The study revealed no new safety signals for Austedo (deutetrabenazine; Teva Pharmaceuticals), a vesicular monoamine transporter 2 inhibitor approved by the FDA for the treatment of chorea associated with Huntington’s disease and tardive dyskinesia in adults.

“In a pilot study in adolescents with [Tourette syndrome (TS)], deutetrabenazine was generally well tolerated and significantly reduced the severity of the tic,” Joseph Jankovic, MNS, from Baylor College of Medicine in Texas, and colleagues wrote. “Based on these results, clinical development of deutetrabenazine was continued in the Alternatives for Reducing Tics in TS (ARTISTS) program.

“Here we report results from the ARTISTS 1 study, which evaluated the efficacy, safety, and tolerability of flexible, response-driven doses of deutetrabenazine in children and adolescents with TS,” she added.

According to the Yale Global Tic Severity Scale-Total Tic Score (YGTSS-TTS), the researchers analyzed data from children and adolescents ages 6 to 16 with TS and active tics that caused anxiety or disability. They randomly assigned 59 participants to deutetrabenazine (mean age 11.5 years; 90% boys) and 60 participants to placebo (mean age 11.5 years; 85% boys), titrated over 7 weeks to an optimal level. They followed this up with a 5-week maintenance period. A total of 48 mg per day represented the maximum daily dose of deutetrabenazine.

Change from baseline to week 12 in YGTSS-TTS served as the primary efficacy endpoint. Changes in Gilles de la Tourette syndrome Gilles de la Tourette quality of life activities of daily living subscale score served as important secondary endpoints.

Jankovic and colleagues evaluated safety based on treatment-emergent adverse events, vital signs, questionnaires, and laboratory parameters.

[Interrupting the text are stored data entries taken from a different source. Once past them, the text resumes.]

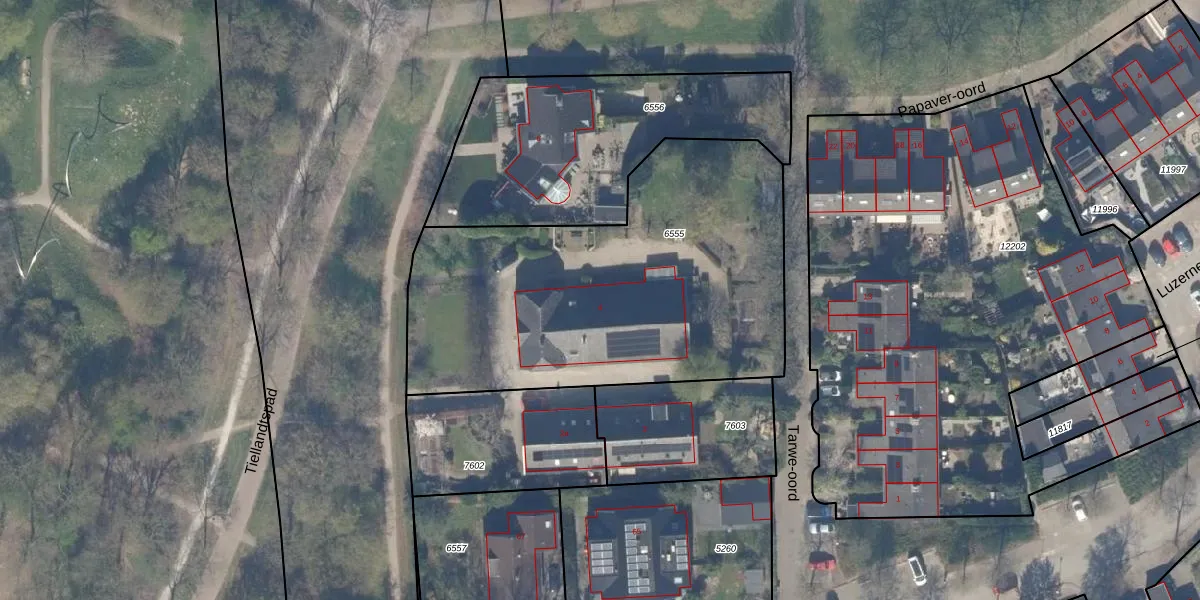 Het perceel waarop Tarwe-oord 4 staat heeft een oppervlakte van 2026 m². Dit is een zeer groot perceel. De perceeloppervlakte wordt geregistreerd door het Kadaster. Gedetailleerde informatie over de maten van dit perceel kunt u vinden in het rapport Kadastrale kaart met maatvoering van Tarwe-oord 4.
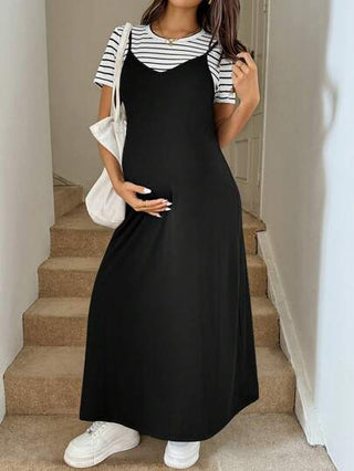 مجموعة فستان جيرسيه وقميص بقبة مستديرة ذو أكمام قصيرة 2 قطعة مخطط أثناء الحمل ، صيفي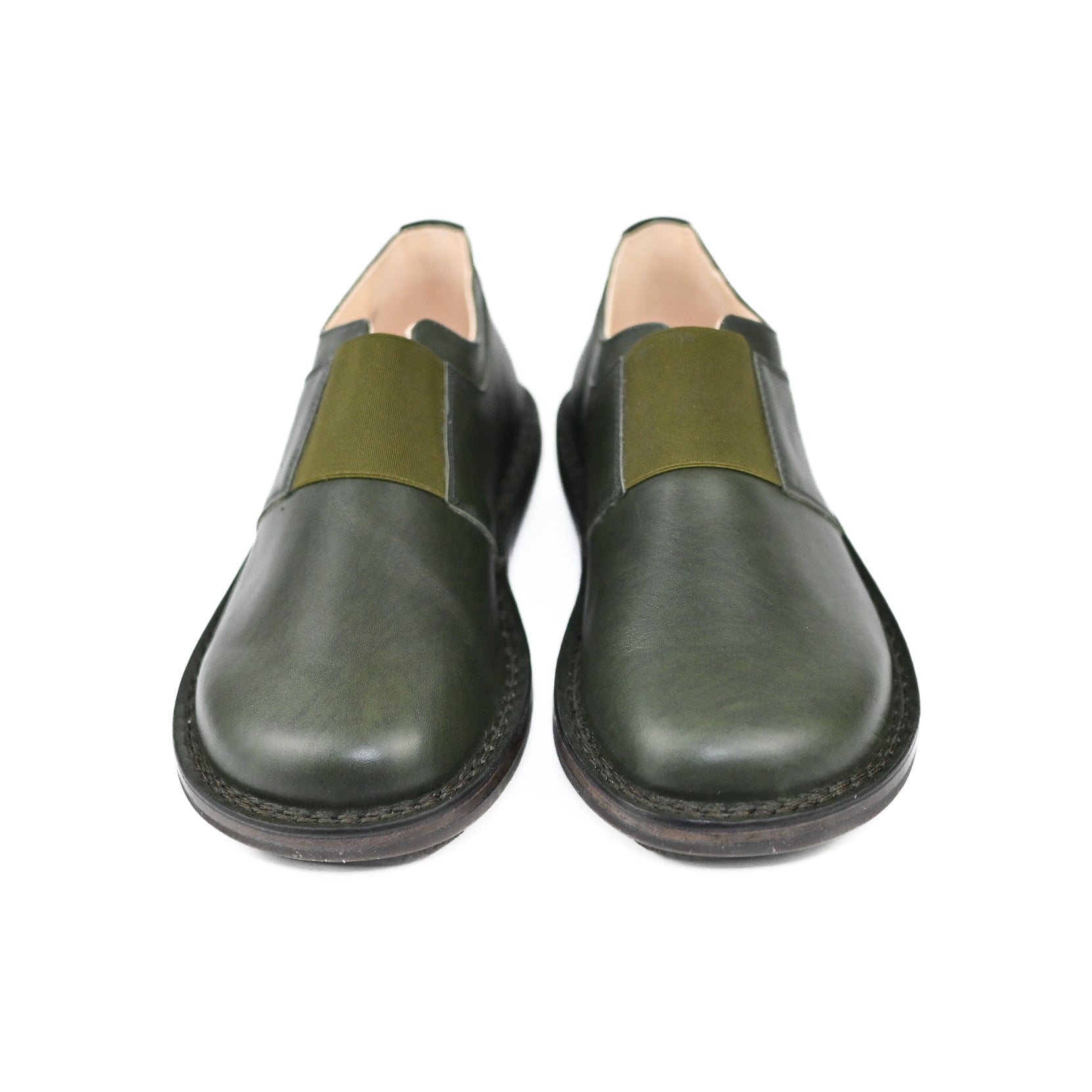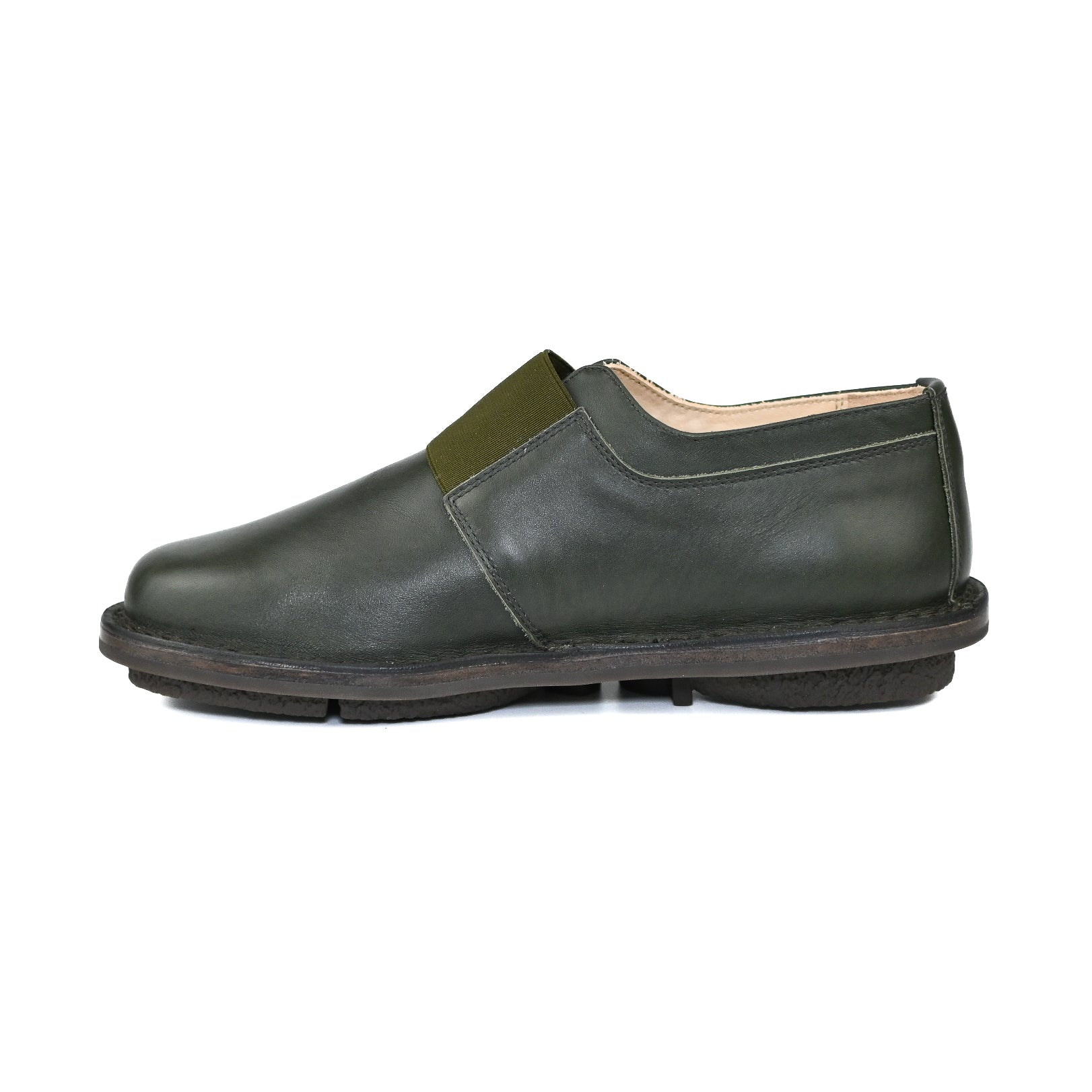 A clean slip-on shoe with a relaxed and modern character, Nonno is defined by its smooth upper and softly rounded silhouette. The minimal design is complemented by a wide elasticated band across the instep, offering both a secure fit and a subtle visual contrast.

The results showed no significant difference in YGTSS-TTS score at week 12 between the two groups, with a least squares mean of –0.7 (95% CI, –4.1 to 2.8). Researchers reported that the groups had no nominally significant differences for key secondary endpoints. A total of 38 (66%) patients who received deutetrabenazine and 33 (56%) who received placebo had treatment-emergent adverse events that were generally mild or moderate.

“The reason for the decreased improvement with deutetrabenazine from weeks 9 to 12, while the placebo effect increased, is unknown,” Jankovic and colleagues wrote. “This is consistent with the findings of the phase 3 ARTISTS 2 study, which at the end of the study found that fixed doses of deutetrabenazine showed favorable numerical differences, but did not significantly reduce tics in TS compared to placebo.

“Future review of pharmacokinetic data collected during these studies may provide insight into whether responses to deutetrabenazine differ based on drug exposure and active drug metabolites,” she added.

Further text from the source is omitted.